EFFECT: target products manufacture process acceleration, reduction of carbon dioxide losses, increase of its total chemical and radiation yield in comparison with the prototype, and elimination of the isotope-marked atoms distribution along the entire length of the acyl chain, the simplification and cheapening of the target products the linoleic and linolenic acids manufacture process, is ensured by the decrease in the duration, the increase of the radiation and chemical yield of the product along the source of the isotope in comparison with the prototype, the radioactive wastes release into the external environment is almost completely excluded, as its inclusion into the target product is approaching to the quantitative.
10 tbl, 2 ex, 4 dwg
FIELD: crystal growing.
SUBSTANCE: invention relates to adipic acid crystals and treatment thereof to achieve minimum crystal caking. Crystals are prepared by crystallization of adipic acid from aqueous medium or between treating it with aqueous solution. Crystals are then subjected to ripening stage, that is crystals are held at temperature between 10 and 80°C until content of exchangeable water in crystals falls below 100 ppm, while using an appropriate means to maintain ambient absolute humidity at a level of 20 g/m3. Renewal of ambient medium is accomplished by flushing crystal mass with dry air flow having required absolute humidity. Means to maintain or to lower absolute humidity contains moisture-absorption device placed in a chamber. Content of exchangeable water in crystals is measured for 300 g of adipic acid crystals, which are enclosed in tightly sealed container preliminarily flushed with dry air and containing 2 g of moisture absorbing substance. In chamber, temperature between 5 and 25°C is maintained for 24 h. Content of water will be the same as amount of water absorbed by absorbing substance per 1 g crystals. Total content of water exceeds content of exchangeable water by at least 20 ppm.
EFFECT: minimized caking of crystals and improved flowability.
13 cl, 5 ex
FIELD: organic chemistry, chemical technology.
SUBSTANCE: invention relates to the improved method for isolating crystalline terephthalic acid comprising less 150 mas. p. p. per million (ppm) of p-toluic acid with respect to weight of terephthalic acid.
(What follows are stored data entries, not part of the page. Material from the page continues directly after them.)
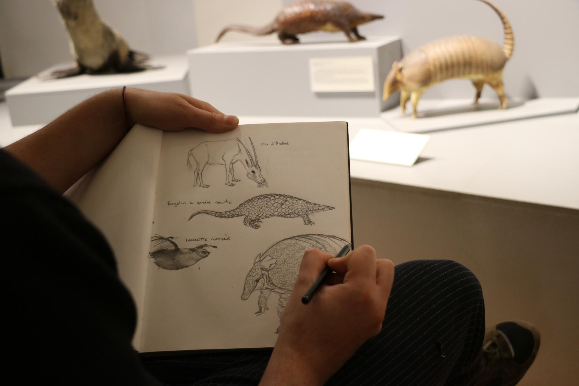 Pendant que nos modèles poseront sans broncher, Marion Vandenbroucke, illustratrice professionnelle et dessinatrice animalière, sillonnera les allées du Musée pour vous conseiller et partager son expérience.
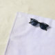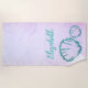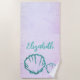 Toalla con conchas verde azuladas y fondo de color morado lavanda
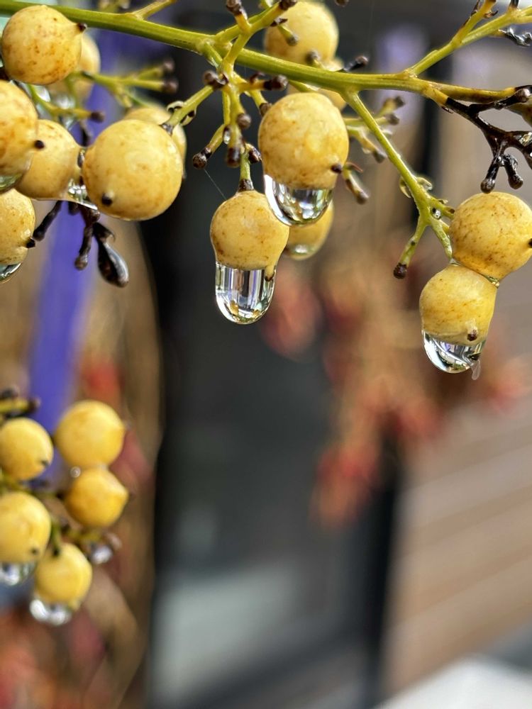 2⃣南天に雪解けの水滴が落ちそうで落ちない。キレイ✨✨✨
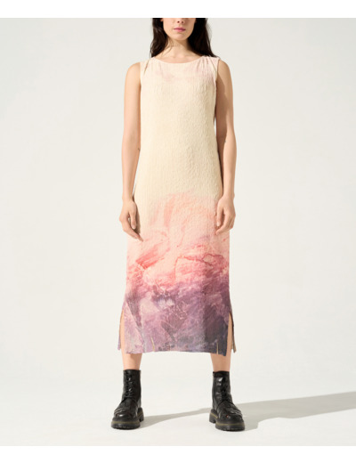 • Caractéristiques clés : Robe tube longueur mi-mollets fendue sur les côtés et doublée en jersey. Sa coupe près du corps met en valeur la silhouette. Procédé de plissé bouillonné savoir-faire de la Maison et sublimation effectuée pièce par pièce dans notre atelier d'Ambérieu en Bugey.
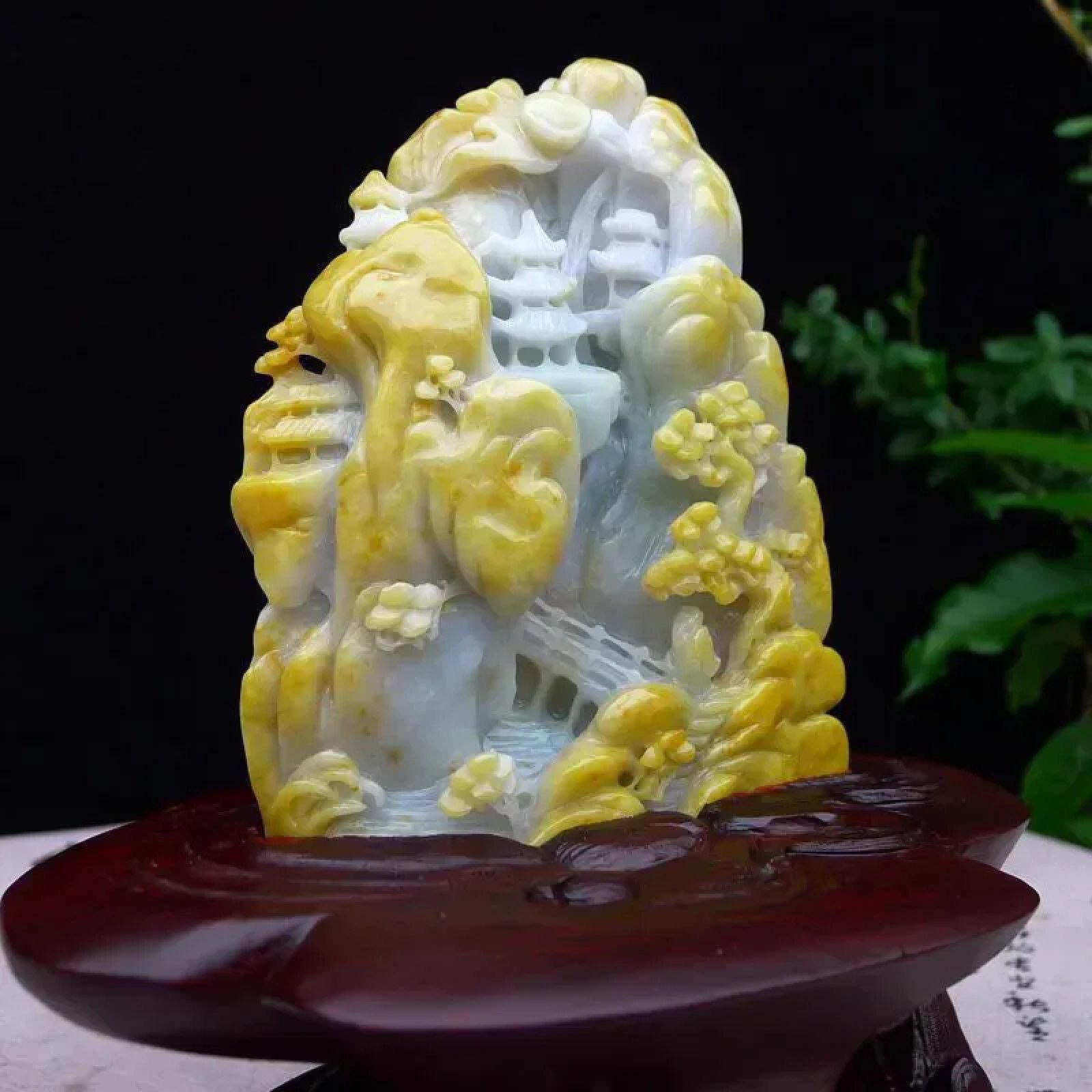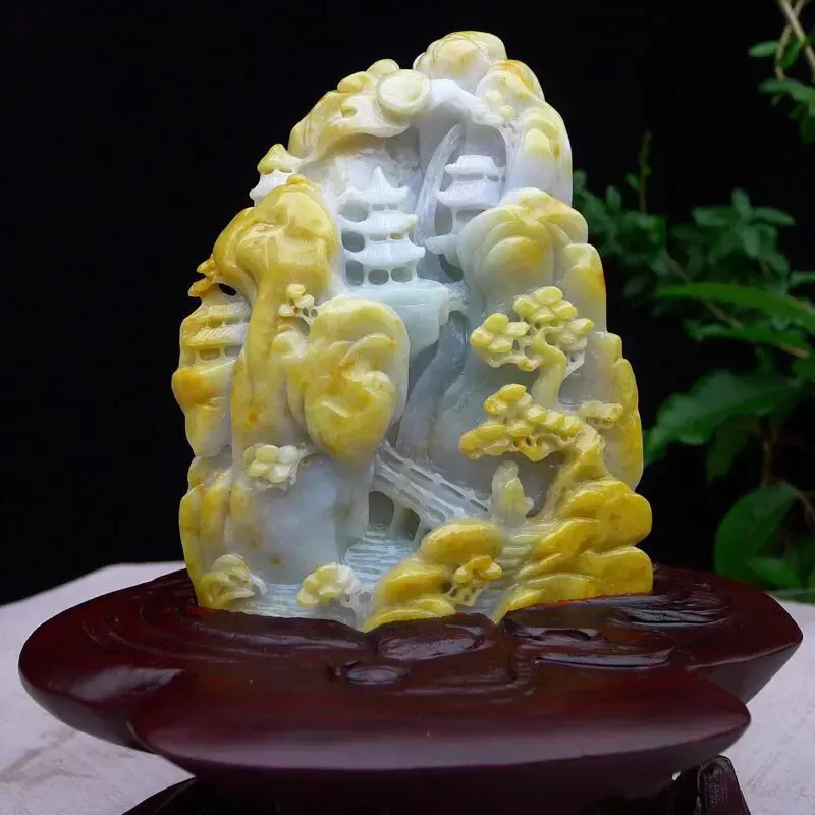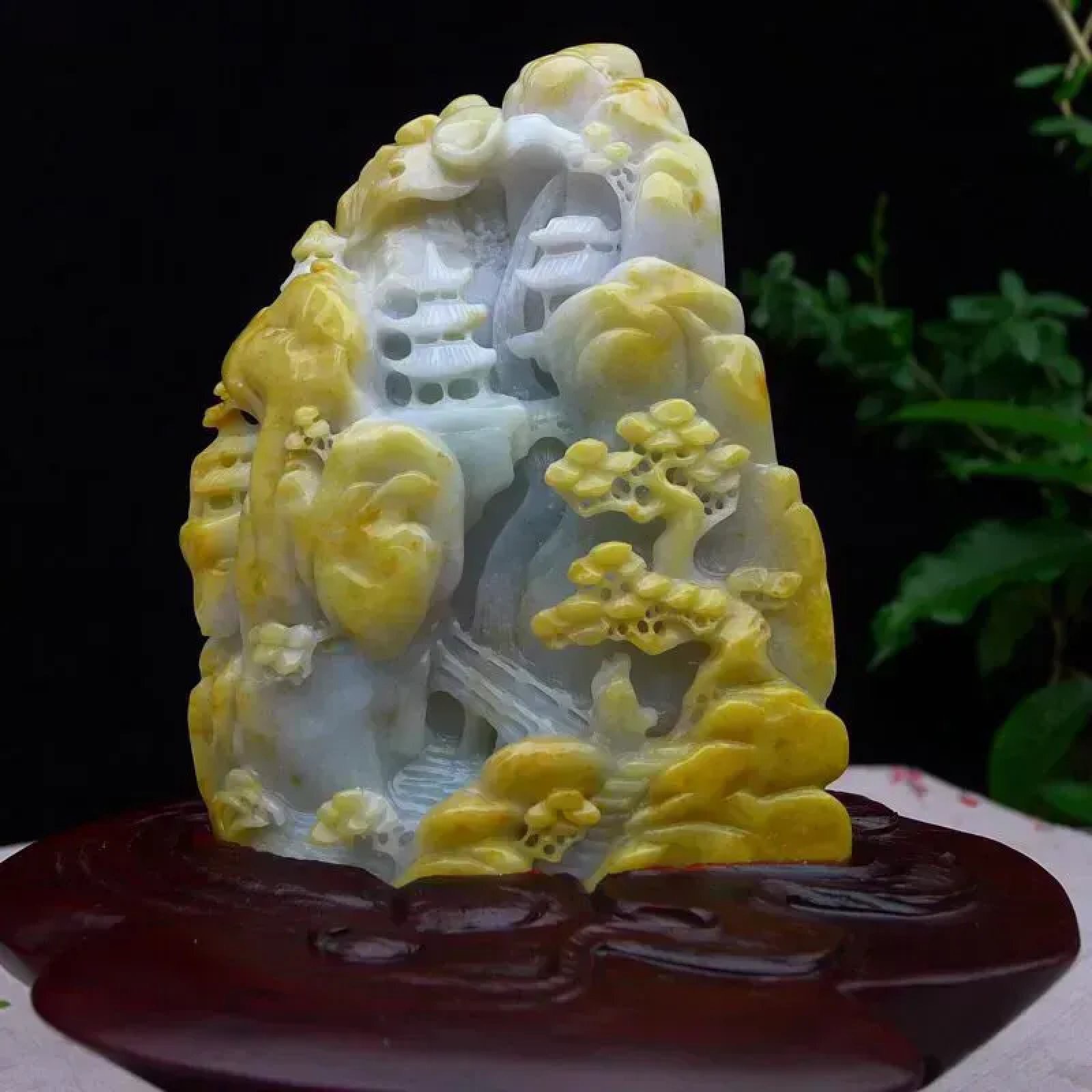 | 特点: | 翡翠简介:1. 老坑水润,质地温润,表面光泽柔和莹润。 2. 主体为淡白底,部分区域隐带浅绿色,搭配天然黄翡俏色:黄翡色泽柔和自然,巧妙分布于山石、枝叶等区域,属于 “俏色巧雕” 的优质搭配,色泽层次协调且视觉质感鲜明。3. 精工多层次镂空雕:包含亭台、松树、山石等山水元素,细节(如松枝纹理、亭台结构)刻画精细逼真;层次分明、立体感强,既还原了山水意境的悠然雅致,也体现了雕工的细腻功底。4. 寓意宁静致远、福寿绵长,搭配亭台景致,同时承载着安居乐业、逍遥自在的美好祈愿。5.适合放置在客厅博古架、书房案台或办公室展示柜等区域,契合山水摆件的雅致气质,也便于观赏其工艺细节。具有一定的艺术和收藏价值,是一件难得的精品摆件,值得您的拥有! |
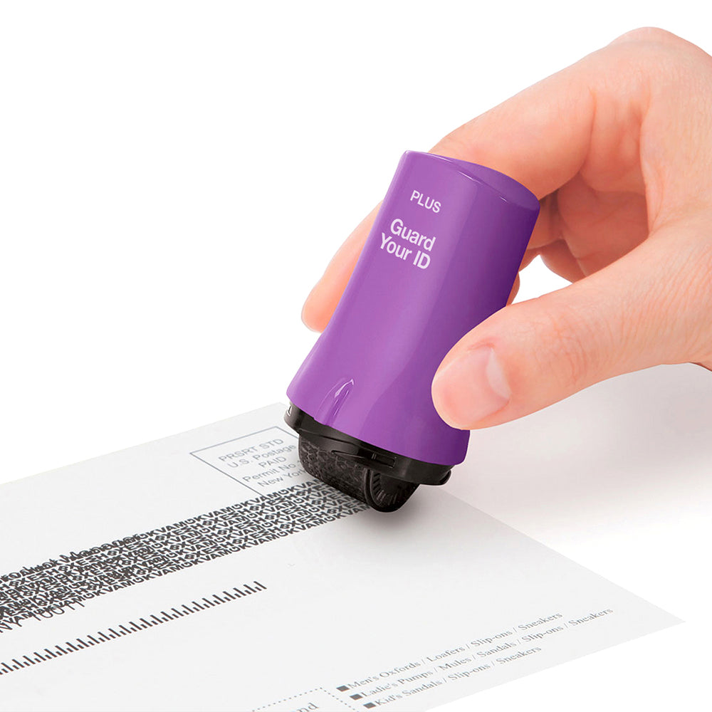 Twist off the cap and roll the stamp over the text you want to mask before discarding documents.
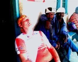 After such a long day we slept like babies. Jenny did a massage of Kees's knee that gave him a bit of a problem yesterday and also some Reiki. Surprise, surprise, no more pain! She herself also needed some massage, the nurse Jon did a short session during the riders meeting in the morning. Today we got sand, mud, stones, etc. Jenny thought that there was a new type of road almost every kilometer. On some of the houses/huts along the way we saw red crosses, we guessed that this was because they needed to be taken down. We got confirmation from one of the locals when we asked. In some villages we saw crossed on almost every other house! We reach the tarmac of Dodoma just before a thunderstorm flooded the area and we felt that it would be wiser to wait in a small restaurant than to get soaking wet! On the way into Dodoma, we were surprise to see vineyards, the evening we used to try to local wine, not too bad! A local rider helped cleaning the bikes and in compensation for his work we gave him one of our used tires. It is very difficult for the people here that like cycling to get good material. So they use every opportunity to get that from us. Back to the top |
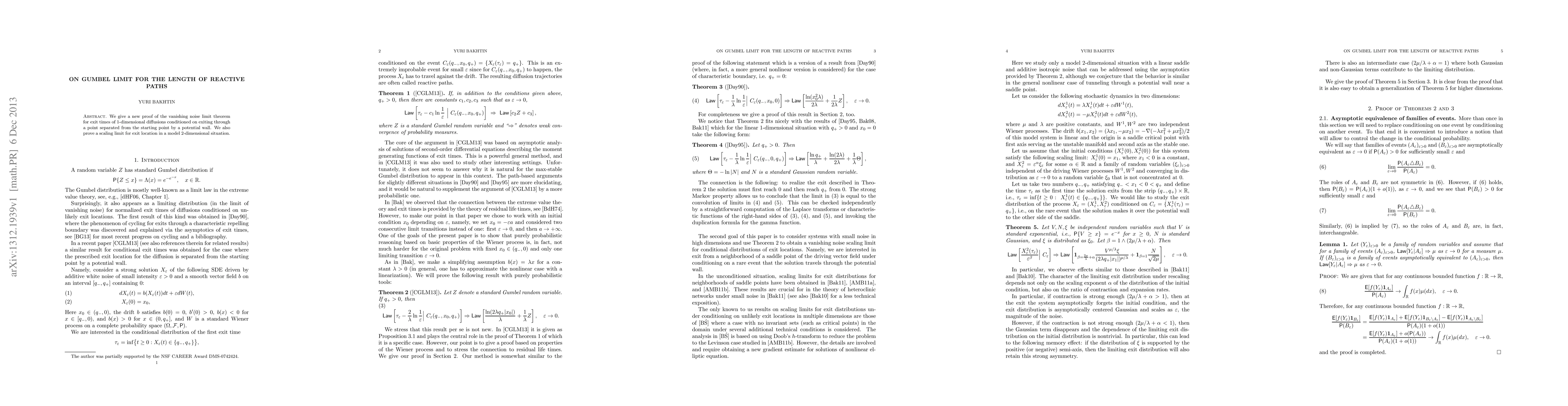 We give a new proof of the vanishing noise limit theorem for exit times of 1-dimensional diffusions conditioned on exiting through a point separated from the starting point by a potential wall. We also prove a scaling limit for exit location in a model 2-dimensional situation.
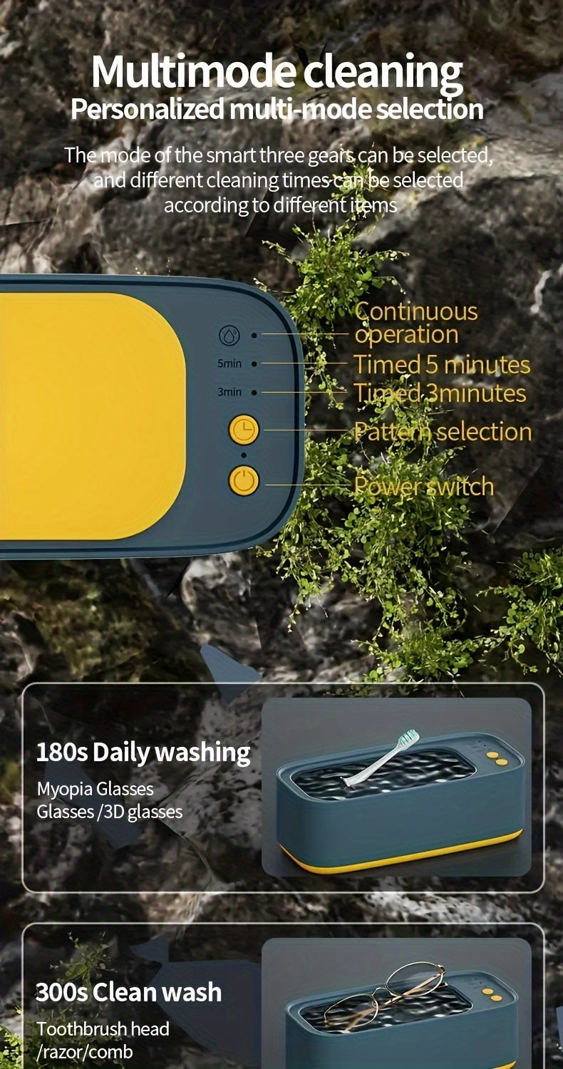 A high-frequency 45KHz ultrasonic jewelry washer with a 12oz water tank. Safely and efficiently cleans glasses, watches, earrings, rings, necklaces, razors, and contact lenses—perfect for effortless home use and as a thoughtful gift.
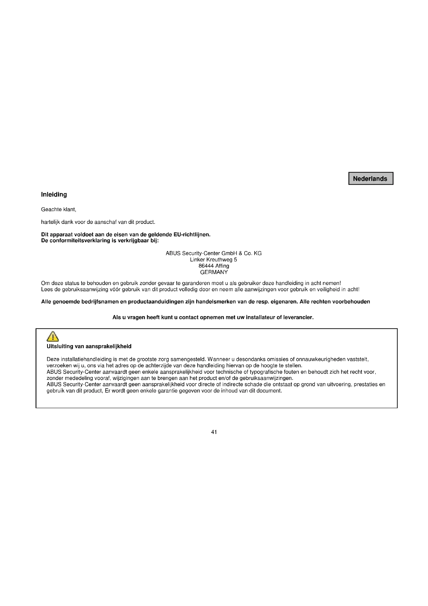 ABUS Security-Center aanvaardt geen aansprakelijkheid voor directe of indirecte schade die ontstaat op grond van uitvoering, prestaties en gebruik van dit product, Er worden geen enkele garantie geveen voor de inhoud van dit document.
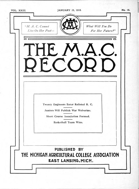 The M.A.C. record. Vol. 23 no. 18 (1918 January 25)
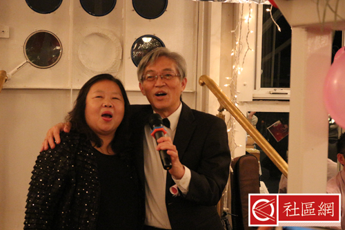 一边吃着美食,一边看着船外的风景,那情那景,许多人如梦幻一般,贪婪地享受着。待到游轮驶出港口之后,在水上游移时,船内庆祝活动正式开始。主办方Elsa Hsieh扼要介绍魅力传神之后,借此机会感谢为该次活动付出心血的人们。在协办方简单讲话之后,演唱开始。
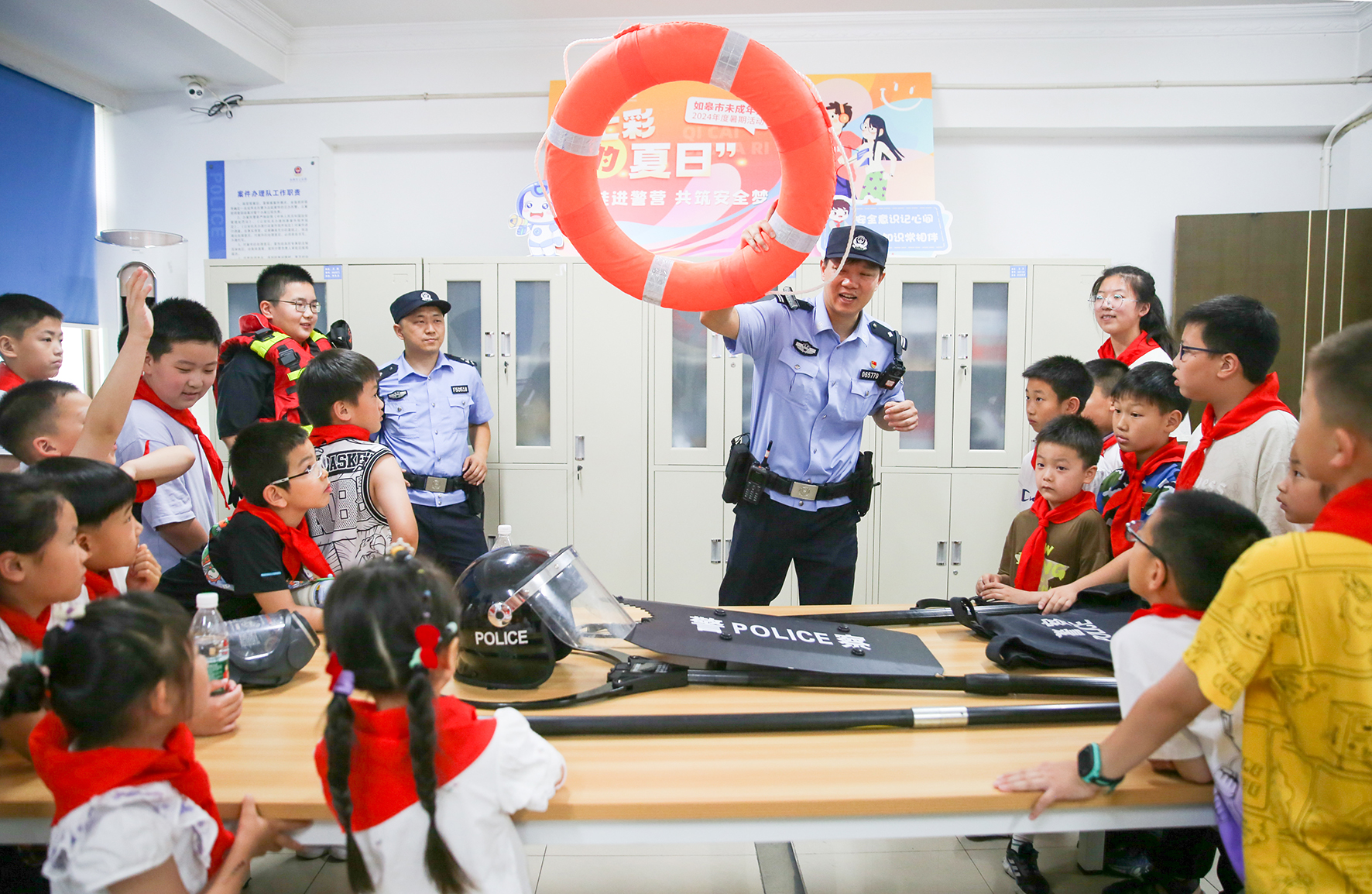 7月9日,江蘇省如皋市如城街道新時代文明實踐所聯(lián)合如皋市公安局,組織20余名學生來到如城中心派出所,開展“萌娃進警營 暑期別樣‘警’彩”研學活動。
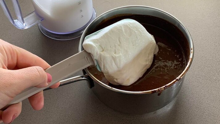 Sistema la panna fresca liquida in una ciotola e lavorala con le fruste elettriche fino a montarla leggermente: dovrà essere morbida e spumosa, non troppo compatta. Procedi quindi a incorporare pian piano la panna al composto di cioccolato 6, mescolando con una spatola con movimenti dal basso verso l'alto così da non smontarlo.
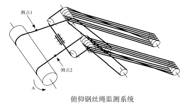 俯仰鋼絲繩系統(tǒng)共布置了2個測點,示意圖如下:

Method involves the following steps: (1) preparing a solution containing from 10 to 35 wt.-% of dissolved terephthalic acid wherein from 150 to 1100 ppm of p-toluic acid is dissolved with respect to mass of terephthalic acid at temperature from 260°C to 320°C and under pressure providing maintaining the solution in liquid phase; (2) charge of solution from step (1) to crystallization zone comprising multitude amount of associated crystallizers wherein the solution is subjected for cooling at evaporation at the controlled rate by the moderate pressure and temperature reducing resulting to crystallization of terephthalic acid and wherein the solution pressure at the end of crystallization zone is equal to atmosphere pressure or lower; (3) condensation of solvent evaporated from crystallizers and recovering the condensed solution to the crystallization zone to place of descending flow from crystallizer wherein solvent is removed by evaporation, and (4) isolation of solid crystalline terephthalic acid comprising less 150 ppm of p-toluic acid with respect to the terephthalic acid mass by separation of the phase liquid-solid substance under atmosphere pressure. The advantage of method is preparing the end product in improved crystalline form and carrying out the process under atmosphere pressure or pressure near to atmosphere pressure.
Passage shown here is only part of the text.